# Article: Scared to Death!!!!!!!!!!!



## daparson (Dec 4, 2004)

*The Worst Liars In The World Are Your Own Fears*​ *Flashback*: It was 1978, I had just dropped off my date and made my way to my apartment, alone. It was dark, late and incredibly scary. We had just watched the first of what would be many of the Michael Myers' "Halloween" movies. I was scared. Although it was just a movie -- and at 18, I knew better, but I was still scared. When I walked into my apartment, I turned on the light, sat on the couch and listened. I heard things I had never heard before: noises -- creepy noises; and I was convinced I would not live through the night. Paralyzed with fear, I ended up sleeping on the couch. *FEAR*: *F*alse *E*motions *A*ppearing *R*eal

It is funny now (some of you are even grinning), but perhaps you are fearful of things in your own life that are just as real as Michael Myers was to me that night.
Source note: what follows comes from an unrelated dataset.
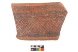 | Description / विवरण | Specimen of potsherd with decorative geometric criss-cross pattern , Type Black on Red ware . |
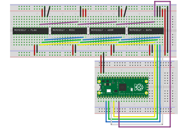 Originally, I started working with a Pi Zero, but eventually settled on a Pi Pico running MicroPython. To manage the expander chips, I created the following small class:

Maybe they even have you paralyzed, sleeping on the couch afraid to act. *FEAR*: *F*alse *E*motions *A*ppearing *R*eal

*Look At What Fear Does*


*Fear Makes You Stop Growing In Potential*- Fear keeps your talents locked up, holds you back and causes you to miss opportunities. Are you afraid to try something new just because you are afraid? One of the greatest discoveries you can make is to find that you _can_ do what you are afraid you cannot do.
*Fear Makes You Stop Reaching Out In Your Relationships*- Fear prevents you from being honest with people. You fear rejection, so you wear a mask, pretend to be what you are not, and then deny what you really feel. Fear also keeps you from making commitments. You may be afraid of being hurt again. Fear prevents true intimacy because fearful people have a hard time giving and receiving love. *Your fears affect everyone you relate to.*
*Fear Makes You Stop Enjoying **Life*- You cannot be happy and fearful at the same time. An old man was asked what had robbed him of joy in his life. His answer was, "Things that never happened." How often are you worn out by your worries?
*Fear Makes You Stop Striving For Success In **Life*- How many decisions have you made based on fear? How many times have you sold yourself short because of fear? *F*alse *E*motions *A*ppearing *R*eal.
*What Should You Do With Your Fears?*


*Pray*_ - *"Don't worry about anything, but pray about everything." Philippians 4:6a CEV*_
*Turn It over To God*_ - *"God cares for you, so turn all of your worries over to Him." 1 Peter 5:7 CEV*_
*Trust Him*_ - *"When I am afraid, I keep trusting you. I praise your promises! I trust you and am not afraid. No one can harm me." Psalm 56:3-4 CEV*_
Here is a link to Life Lessons Blog


Have a great week.
Mark


----------



## Mrs Backlasher (Dec 19, 2004)

An excellent lesson, Mark. Bless you for posting that.

On of my favorite verses is 2 Timothy 1:7, "For God hath not given us the spirit of fear; but of *power*, and of *love*, and of a *sound mind*."

So when I recognize that I am afraid, I remember that fear doesn't come from God, and that God's antidote to fear is trust (as given in one of the verses you posted) Psalm 56:3, "What time I am afraid, I will trust in thee."

Great ammunition for the child of God!


----------



## daparson (Dec 4, 2004)

*Thanks*

Thanks for the kinds words Mrs. Backlasher! Great verse too!

Mark


----------



## TXPalerider (May 21, 2004)

Great post Mark. 
You always seem have just what I need.


----------